• _Work instruction_: Your task is to copy the listing exactly, with the pictures left out.

• _Provided material_:
------
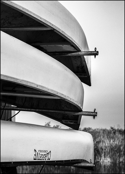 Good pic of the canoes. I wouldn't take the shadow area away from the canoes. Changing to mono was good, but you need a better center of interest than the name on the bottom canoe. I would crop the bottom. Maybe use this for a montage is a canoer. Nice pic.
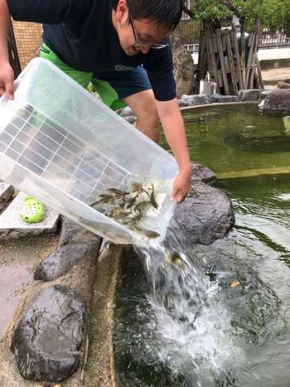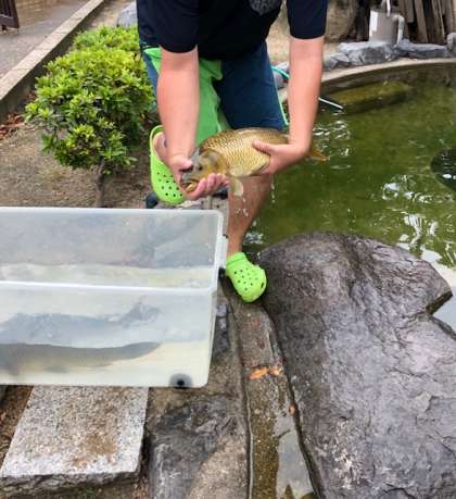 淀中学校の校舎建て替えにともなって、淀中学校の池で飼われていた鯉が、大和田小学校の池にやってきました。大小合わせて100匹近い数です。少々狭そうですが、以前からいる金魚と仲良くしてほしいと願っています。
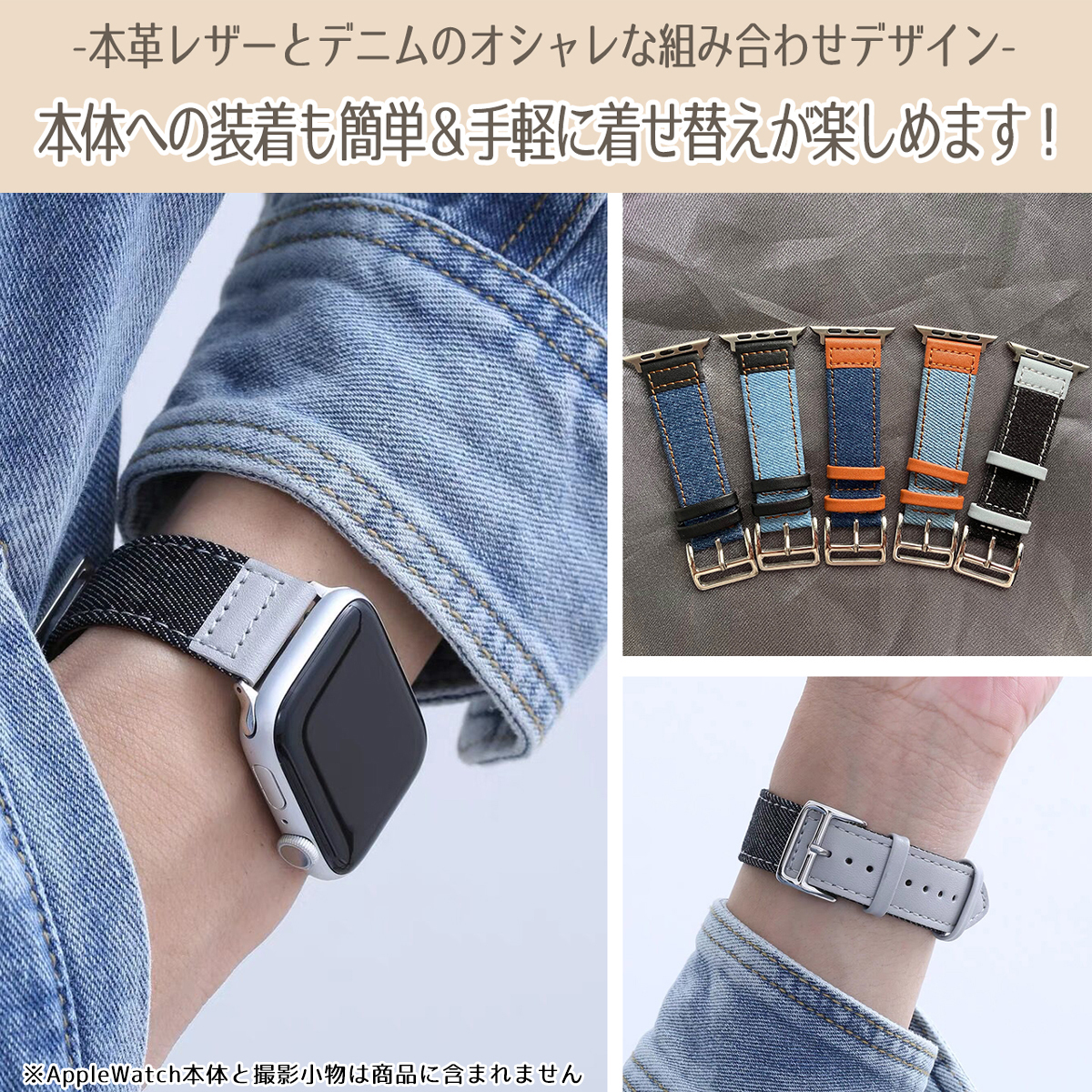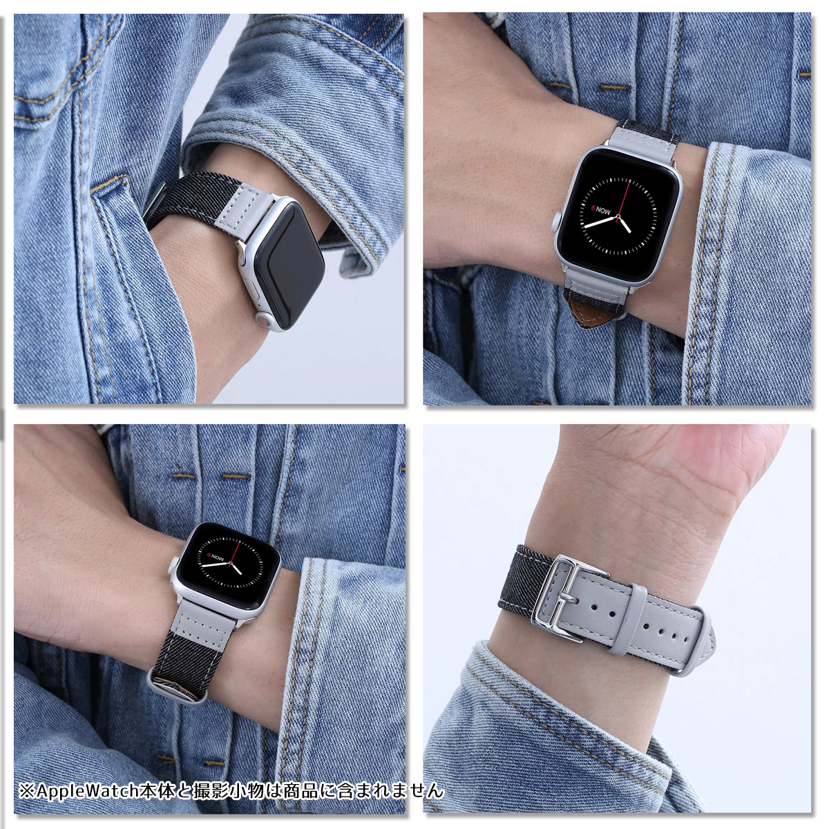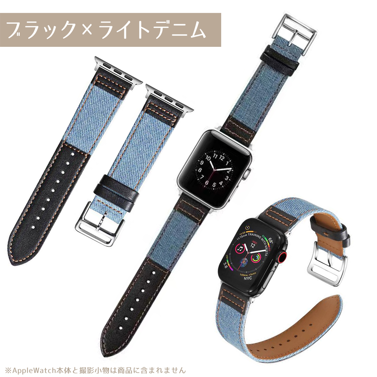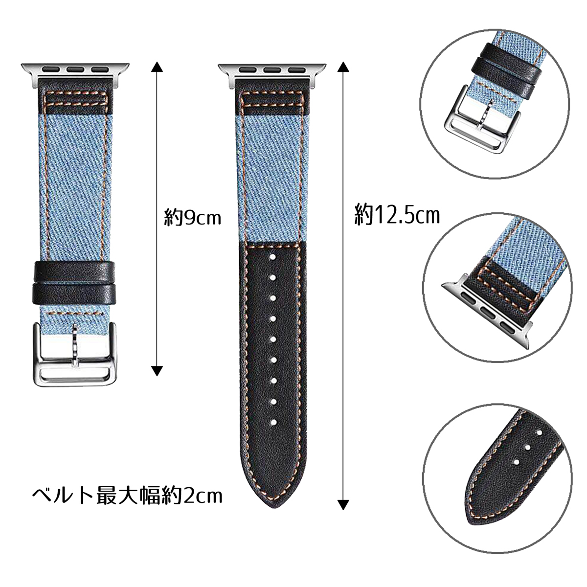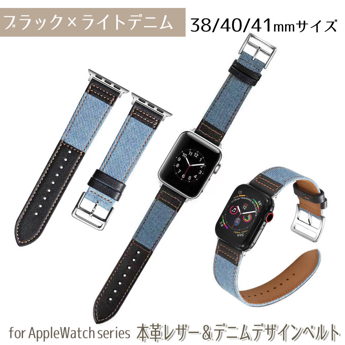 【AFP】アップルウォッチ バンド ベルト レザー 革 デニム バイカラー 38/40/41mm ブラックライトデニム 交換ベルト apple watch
------
• _Solution to the problem_:
 Good pic of the canoes. I wouldn't take the shadow area away from the canoes. Changing to mono was good, but you need a better center of interest than the name on the bottom canoe. I would crop the bottom. Maybe use this for a montage is a canoer. Nice pic.
 淀中学校の校舎建て替えにともなって、淀中学校の池で飼われていた鯉が、大和田小学校の池にやってきました。大小合わせて100匹近い数です。少々狭そうですが、以前からいる金魚と仲良くしてほしいと願っています。
 【AFP】アップルウォッチ バンド ベルト レザー 革 デニム バイカラー 38/40/41mm ブラックライトデニム 交換ベルト apple watch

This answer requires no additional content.